§ Goal of the exercise:
From the line containing "Overland Park Arboretum" to the line containing "The consequences of" in the records below, set down every line exactly as it stands, both ends included, and skip the pictures.

§ Exercise materials:

# # # # # # #

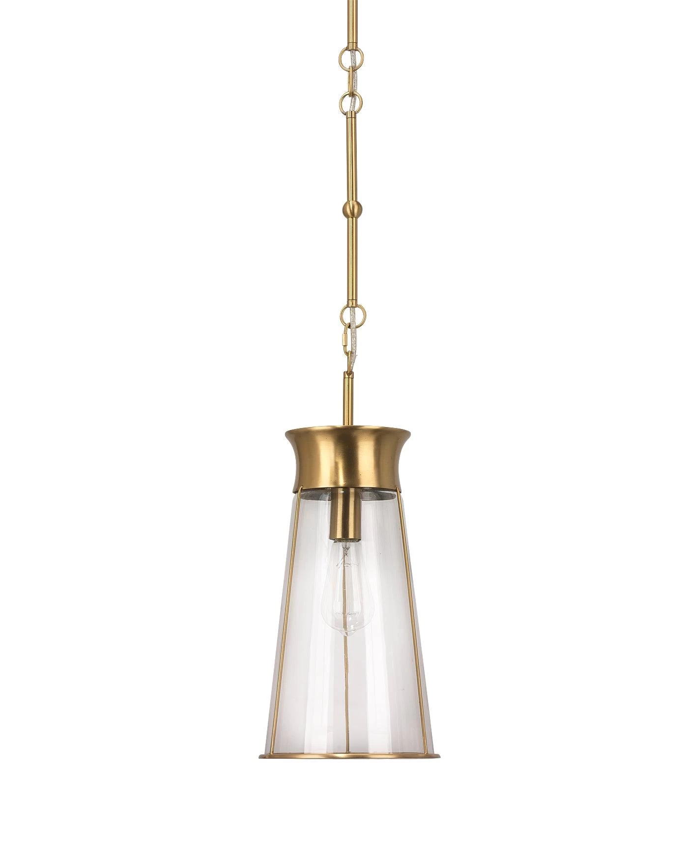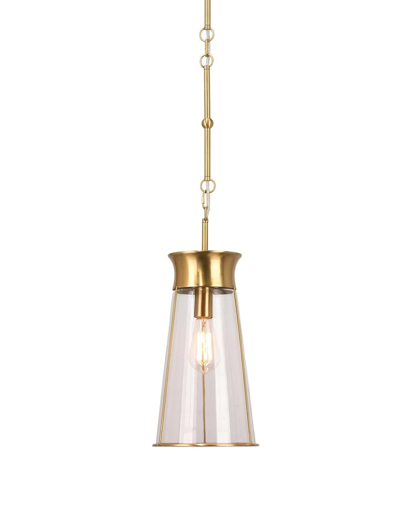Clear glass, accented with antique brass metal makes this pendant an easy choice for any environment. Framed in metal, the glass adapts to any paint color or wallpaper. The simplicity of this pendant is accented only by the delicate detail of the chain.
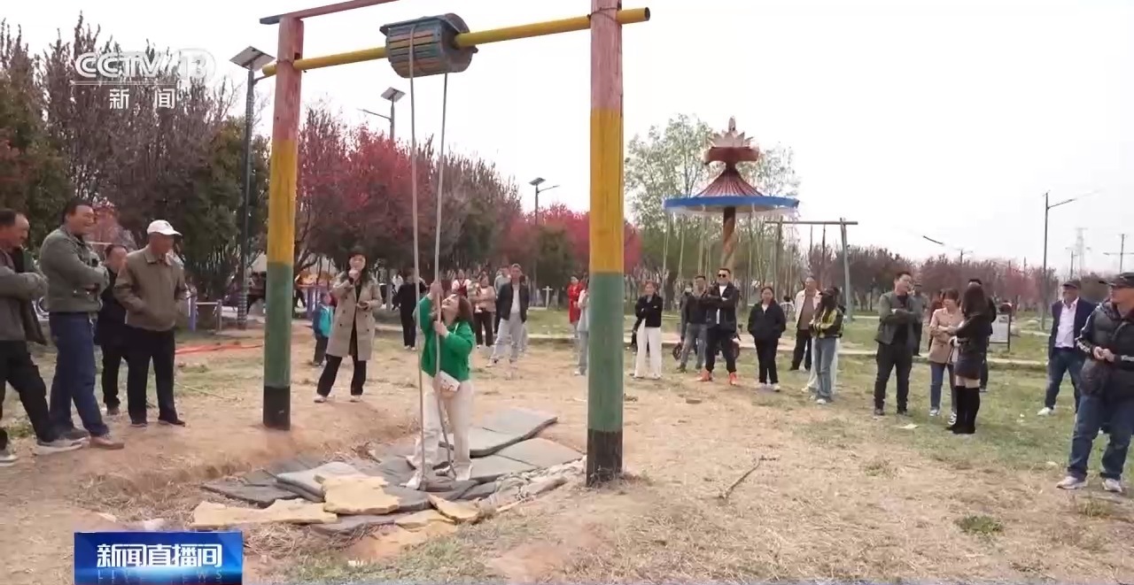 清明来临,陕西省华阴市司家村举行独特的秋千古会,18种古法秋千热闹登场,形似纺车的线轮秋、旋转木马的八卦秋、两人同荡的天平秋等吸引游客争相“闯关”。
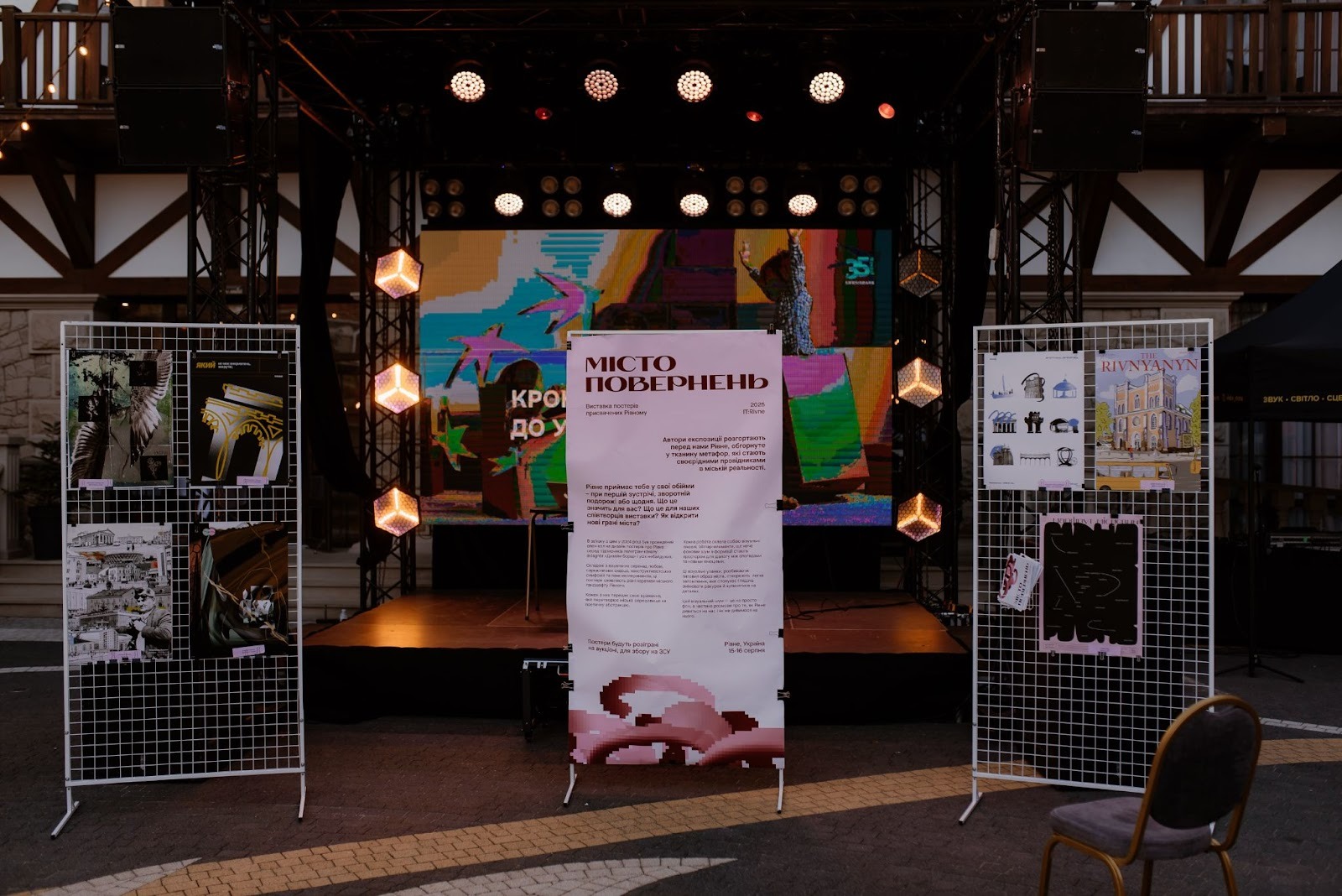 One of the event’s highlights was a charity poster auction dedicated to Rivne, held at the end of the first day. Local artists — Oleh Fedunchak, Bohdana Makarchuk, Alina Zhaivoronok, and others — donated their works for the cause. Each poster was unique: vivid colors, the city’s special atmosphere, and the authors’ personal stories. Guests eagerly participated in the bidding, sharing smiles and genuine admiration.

# # # # # # #

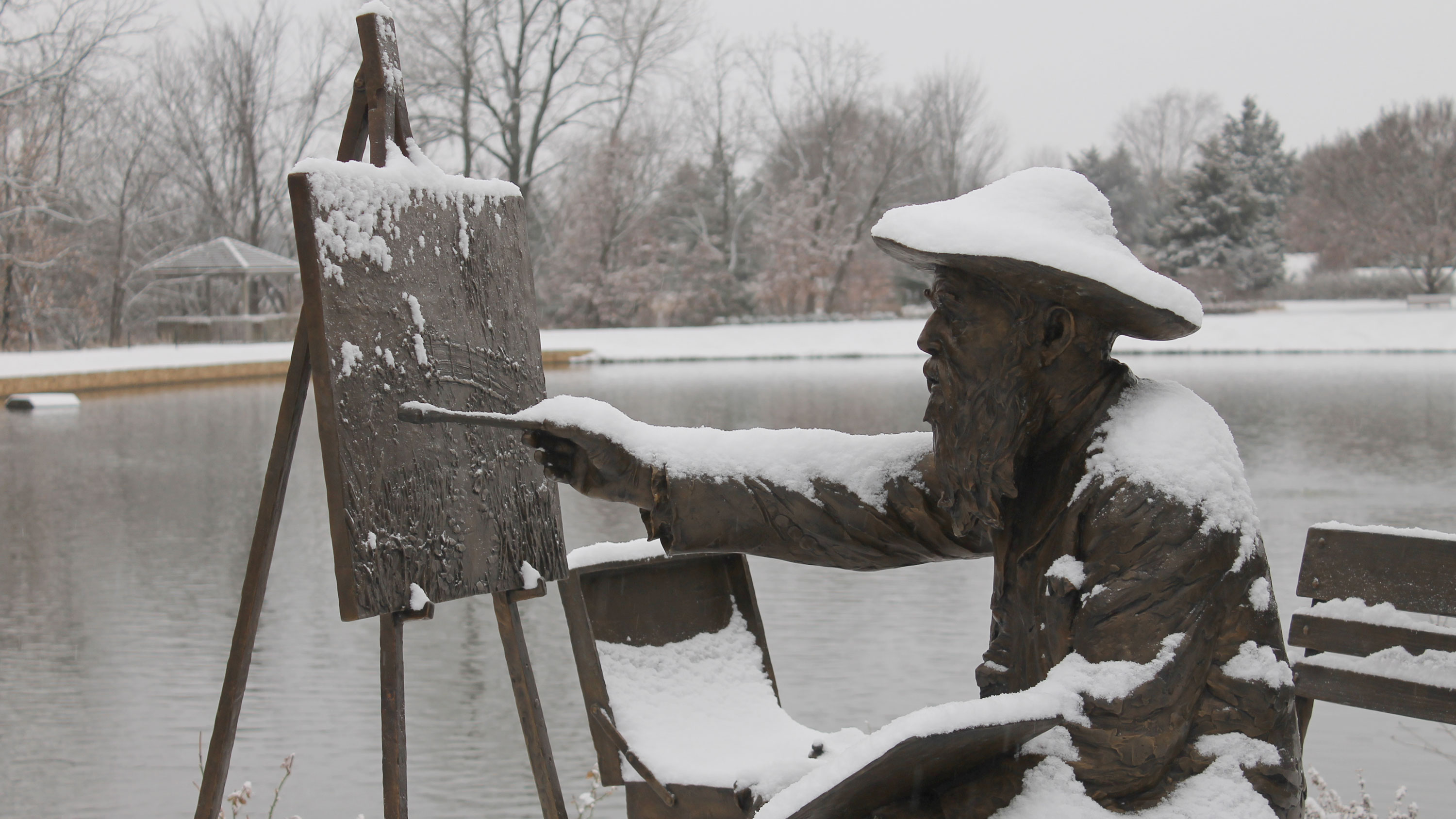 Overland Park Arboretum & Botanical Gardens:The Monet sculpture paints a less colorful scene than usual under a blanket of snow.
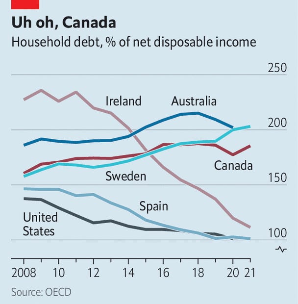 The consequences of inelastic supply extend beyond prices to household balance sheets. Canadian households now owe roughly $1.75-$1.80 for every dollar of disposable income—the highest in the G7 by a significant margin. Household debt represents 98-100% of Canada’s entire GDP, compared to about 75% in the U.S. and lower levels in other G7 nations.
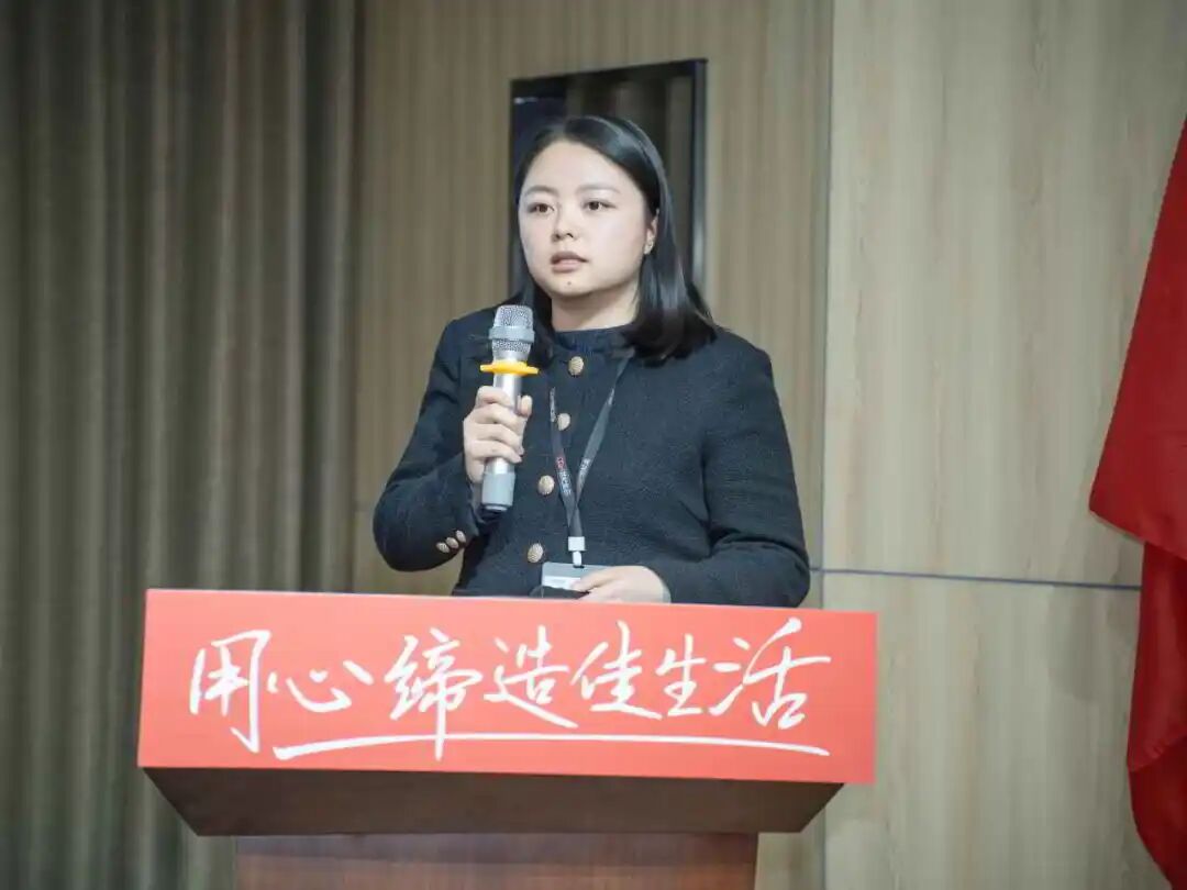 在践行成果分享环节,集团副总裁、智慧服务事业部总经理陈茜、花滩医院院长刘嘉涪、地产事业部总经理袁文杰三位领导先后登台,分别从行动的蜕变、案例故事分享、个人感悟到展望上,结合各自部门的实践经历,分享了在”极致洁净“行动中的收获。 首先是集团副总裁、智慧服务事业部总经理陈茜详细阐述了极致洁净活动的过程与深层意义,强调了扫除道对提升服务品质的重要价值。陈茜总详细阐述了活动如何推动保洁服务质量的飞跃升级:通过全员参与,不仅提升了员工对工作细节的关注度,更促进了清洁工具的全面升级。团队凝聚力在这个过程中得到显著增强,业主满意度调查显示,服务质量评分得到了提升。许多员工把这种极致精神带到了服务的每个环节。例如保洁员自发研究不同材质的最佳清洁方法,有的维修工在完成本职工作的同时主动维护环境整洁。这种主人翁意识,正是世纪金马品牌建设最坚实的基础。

# # # # # # #

§ Task answer:
 Overland Park Arboretum & Botanical Gardens:The Monet sculpture paints a less colorful scene than usual under a blanket of snow.
 The consequences of inelastic supply extend beyond prices to household balance sheets. Canadian households now owe roughly $1.75-$1.80 for every dollar of disposable income—the highest in the G7 by a significant margin. Household debt represents 98-100% of Canada’s entire GDP, compared to about 75% in the U.S. and lower levels in other G7 nations.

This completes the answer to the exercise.